(Exercise):
No line before the one holding "会议第二阶段特邀学校学工部副" is to be copied; that line and all after it, through the end of the listing, are returned exactly, minus pictures.

(Raw data):
• • • • • • •

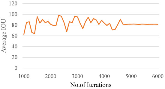 IOU is determined by the overlap between the ground truth and the predicted BBs, Equation (2). The threshold for IOU is taken as 0.5. The average IOU for the training images is found to be 82.93% for the set threshold, Figure 16.
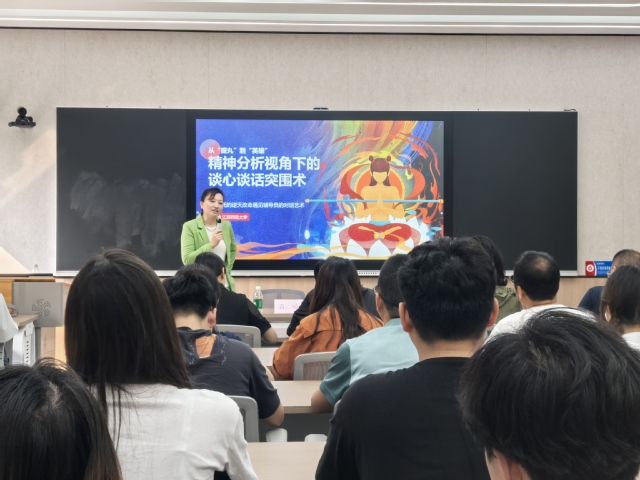 会议第二阶段特邀学校学工部副部长石岭做题为“从‘魔丸’到‘英雄’精神分析视角下的谈心谈话突围术”专题培训。石岭副部长以电影《哪吒2》为引,从“标签与防御机制”为切入点,借哪吒遭排斥类比学生被贴标签后的自证预言效应,解析合理化、退行等防御机制表现及影响;以李靖夫妇养育智慧为例,阐述了辅导员“容器修炼”的具体举措,强调要营造抱持性环境,助力学生成长;解析了“敖丙式”假自我困境,提醒辅导员日常工作中要善于识别“陷阱”;此外,她还分享了“山河社稷图”辅导员工具箱,阐释辅导员谈心谈话关键技巧;最后,结合互动剧场,通过角色反转体验实战演练,现场展示如何提升谈心谈话实效。
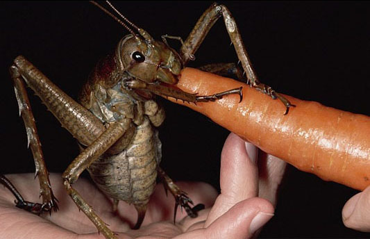 在发现这只巨沙螽后,马克喂给它一个胡萝卜。马克说:“我们三人在这个小岛上搜寻了两个晚上,一无所获。但我突然在一棵树上看到了它。巨沙螽是世界上最大的昆虫,而这只是巨沙螽中最大的一只,它相当于三只老鼠的重量。它很喜欢吃胡萝卜,为此甚至不介意站在我手上品尝美味。这种巨沙螽是一种濒危物种,我们在给它拍照后,又将它送回原地。”

• • • • • • •

(Result):
 会议第二阶段特邀学校学工部副部长石岭做题为“从‘魔丸’到‘英雄’精神分析视角下的谈心谈话突围术”专题培训。石岭副部长以电影《哪吒2》为引,从“标签与防御机制”为切入点,借哪吒遭排斥类比学生被贴标签后的自证预言效应,解析合理化、退行等防御机制表现及影响;以李靖夫妇养育智慧为例,阐述了辅导员“容器修炼”的具体举措,强调要营造抱持性环境,助力学生成长;解析了“敖丙式”假自我困境,提醒辅导员日常工作中要善于识别“陷阱”;此外,她还分享了“山河社稷图”辅导员工具箱,阐释辅导员谈心谈话关键技巧;最后,结合互动剧场,通过角色反转体验实战演练,现场展示如何提升谈心谈话实效。
 在发现这只巨沙螽后,马克喂给它一个胡萝卜。马克说:“我们三人在这个小岛上搜寻了两个晚上,一无所获。但我突然在一棵树上看到了它。巨沙螽是世界上最大的昆虫,而这只是巨沙螽中最大的一只,它相当于三只老鼠的重量。它很喜欢吃胡萝卜,为此甚至不介意站在我手上品尝美味。这种巨沙螽是一种濒危物种,我们在给它拍照后,又将它送回原地。”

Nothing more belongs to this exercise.